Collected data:
-.-.-

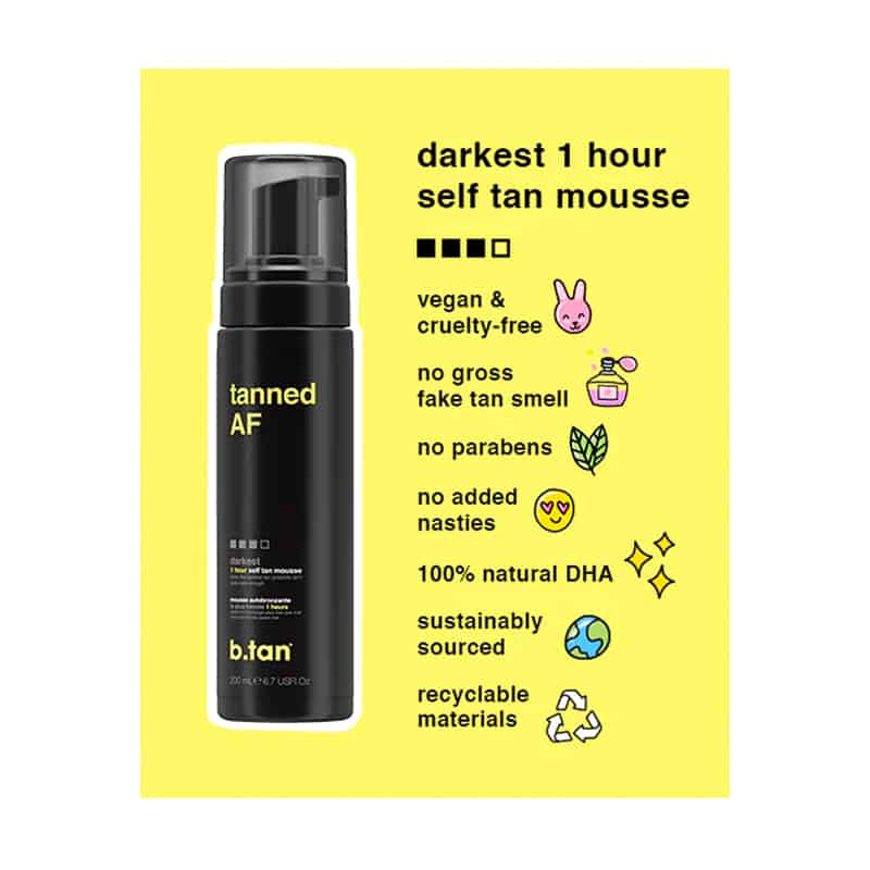 Tanned AF 1 hour Self Tan Mousse darkest – b.tan
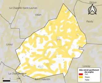 Le retrait-gonflement des sols argileux est susceptible d'engendrer des dommages importants aux bâtiments en cas d’alternance de périodes de sécheresse et de pluie. 59,1 % de la superficie communale est en aléa moyen ou fort (84,7 % au niveau départemental et 48,5 % au niveau national). Sur les 89 bâtiments dénombrés sur la commune en 2019, 54 sont en aléa moyen ou fort, soit 61 %, à comparer aux 86 % au niveau départemental et 54 % au niveau national. Une cartographie de l'exposition du territoire national au retrait gonflement des sols argileux est disponible sur le site du BRGM[20],[21].
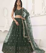 Dark Green embroidered net semi stitched lehenga Choli Wedding & Party Wear Chaniya Choli For Women
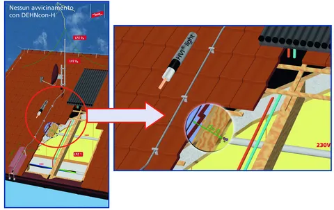 Sistema per l'impianto di captazione isolato di impianti di emissione / ricezione (antenne paraboliche, terrestri) o di edifici completi o parti di edifici.
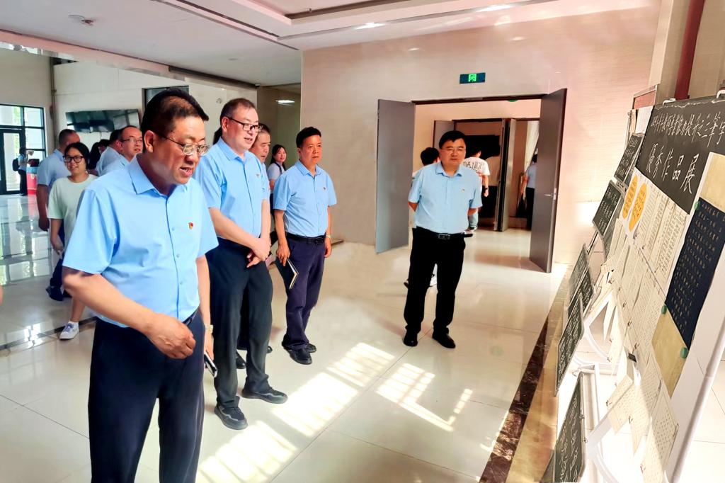 精雕细琢展风采,翰墨丹青铸师魂。7月1日,我校举办了2024年青年教师专业能力提升之“三笔字”训练营优秀作品展。党委书记高玉峰,校长程书强,党委副书记朱华斌,党委副书记、纪委书记殷兴光,副院长雷旭,在教务处处长刘军的陪同下亲临现场观摩展出的作品,与全校师生共同见证了青年教师的成长与蜕变。一幅幅精美的钢笔字、毛笔字及粉笔字作品整齐排列在展板上,它们或遒劲有力、或温婉细腻、或灵动飘逸,充分展示了青年教师在训练营中的学习成果。展览期间,不少师生驻足欣赏、交流心得,共同感受着书法的魅力与教育的温度。这场展览不仅为全校师生提供了一个相互学习和交流的平台,更激发了大家对于书法艺术的热爱与追求。
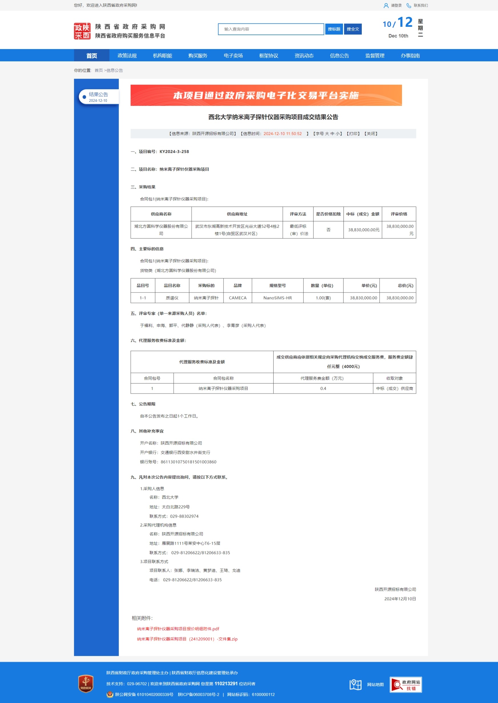 古天乐代言太阳集团城网址纳米离子探针仪器采购项目成交结果公告 作者: 编辑:薛利娟 时间:2024-12-10 原公告链接:https://www.ccgp-shaanxi.gov.cn/freecms/site/shaanxi/ggxx/info/2024/8a69c5a59218576d0193aea3717402eb.html?noticeType=001025¬iceId=917c05e9-b6ab-11ef-8063-08c0eb20c666

-.-.-

# Task item:
If a picture appears among the records, leave it out, and otherwise reproduce exactly every line from the first line through the one with "Le retrait-gonflement des", both included.

# Answer section:
 Tanned AF 1 hour Self Tan Mousse darkest – b.tan
 Le retrait-gonflement des sols argileux est susceptible d'engendrer des dommages importants aux bâtiments en cas d’alternance de périodes de sécheresse et de pluie. 59,1 % de la superficie communale est en aléa moyen ou fort (84,7 % au niveau départemental et 48,5 % au niveau national). Sur les 89 bâtiments dénombrés sur la commune en 2019, 54 sont en aléa moyen ou fort, soit 61 %, à comparer aux 86 % au niveau départemental et 54 % au niveau national. Une cartographie de l'exposition du territoire national au retrait gonflement des sols argileux est disponible sur le site du BRGM[20],[21].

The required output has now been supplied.